Diagnosis: Gastric cancer
Total treatments: 8
My name is Howard and I’m a Diagnostic Radiologist now for over 30 years. My specialty is body imaging, which is oncology imaging for CT, MRI and PET scans. I have helped multiple patients over the years with my job and have many cancer survivor friends, as I have been doing charity work with cancer survivors for a number of years. I never expected to end up on the other side of the glass (as imagers we have lead-lined glass to keep radiation away from the health care providers. Now I’m on the other side which is a lot less fun).
I have always thought of myself as healthy with normal labs and blood pressure. However, in February 2018 while eating at a family event I experienced terrible pain in my upper abdomen. It soon subsided and was difficult to reproduce. I also started experiencing some difficulty in drinking quickly and eating larger quantities of food. I blamed it on age, esophageal dysmotility, GE reflux, gastritis or my heartburn meds. After several months of not improving, I saw a GI doctor, who recommended upper endoscopy. My first endoscopy showed what he thought was severe gastritis, however, follow-up studies showed gastric cancer which was infiltrating throughout my stomach (linitis plastica). I started treatment this year which consisted of 4 rounds of chemo, then I had my whole stomach removed, and then 4 more rounds of chemo. Luckily, I am now in remission and doing well!
Before I started chemo, a cancer survivor friend mentioned DigniCap to me. My oncologist said that they had the machine so I tried it out. I had all of my chemo at Florida Cancer Specialists. They charge $400 for each treatment. Doing simple math, one can see it’s not cheap for 8 rounds, but I did it for all 8. The DigniCap or head freezing, as I call it, is not a fun experience. My chemo sessions were long, so I had to wear the DigniCap for 7 hours! Having my head near freezing for that long is quite miserable, but it got better with time, as with later chemo sessions I was given IV Benadryl which knocked me out. However, as DigniCap worked, I used it each time. The first 4 rounds I lost minimal head hair, the second 4 rounds I did have some hair loss and thinning, which may be due to the fact my chemo was changed. The pic I attached is my hair after 8 rounds of chemo, taken last week and I had a haircut in May.
For a semi-old dude, I have a lot of hair on my head. I have very little body hair and now I have almost none after the chemo. My white hair is my trademark and makes me very recognizable by friends and others. So, for me keeping my hair was very important.
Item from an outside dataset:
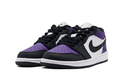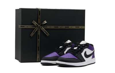Jordan Эйр 1 устойчивые к истиранию низкие винтажные баскетбольные кроссовки унисекс черно-бело-фиолетовые, цвет Black White Purple dc0774-101(team1393-黑紫1sbox) | black white purple

I already feel crappy from the chemo, have trouble eating without a stomach, have a port and a feeding tube; so, I well know, that I have cancer. So, me being bald on top of that would not be psychologically good for me.
I feel as a physician that DigniCap, should be much more affordable and/or covered by insurance, as it is more than just cosmetic. Again, if I did not have my hair, my self-image, which already has taken a beating from the cancer and the subsequent therapy, would have been much worse. Keeping my hair has given me a sense of normality during one of the worst experiences of my life.
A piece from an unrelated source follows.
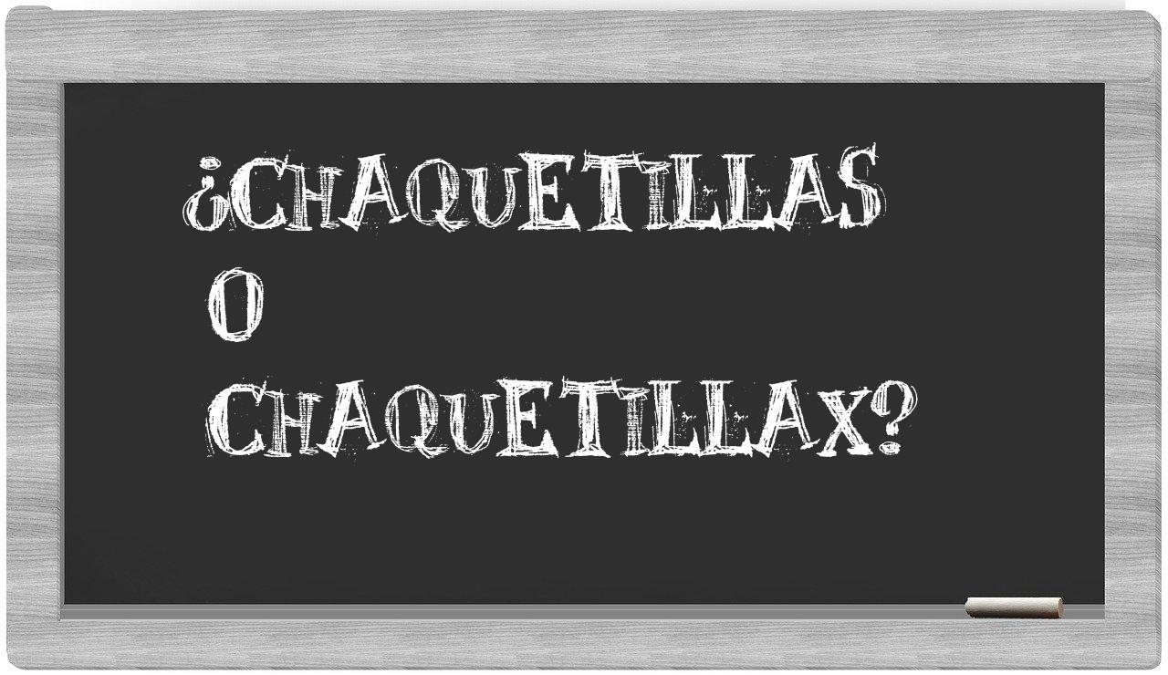 Cuando se trata de elegir entre chaquetillas y chaquetillax, es vital que no te lleves a confusión, puesto que solo chaquetillas es la forma adecuada, mientras que chaquetillax no se encuentra en el venerado Diccionario de la Real Academia Española.

Cancer is a crappy experience for anyone to go thru. I have actually done quite well and worked during my whole treatment except I took off 4 weeks for surgery. As I kept my hair and have a feeding tube to keep my weight up, most people had not idea I had cancer. In fact, as I let my hair go natural, which is curly for me, over the last few weeks I have gotten at least 5 compliments on how wonderful my hair looks. I am probably the only person in cancer history to get compliments on their hair during chemo!!!
I’ve blabbed enough for now. Anyway, if I can help others keep their hair and thus some sense of dignity and self-esteem during their cancer experience, I would be happy to do so!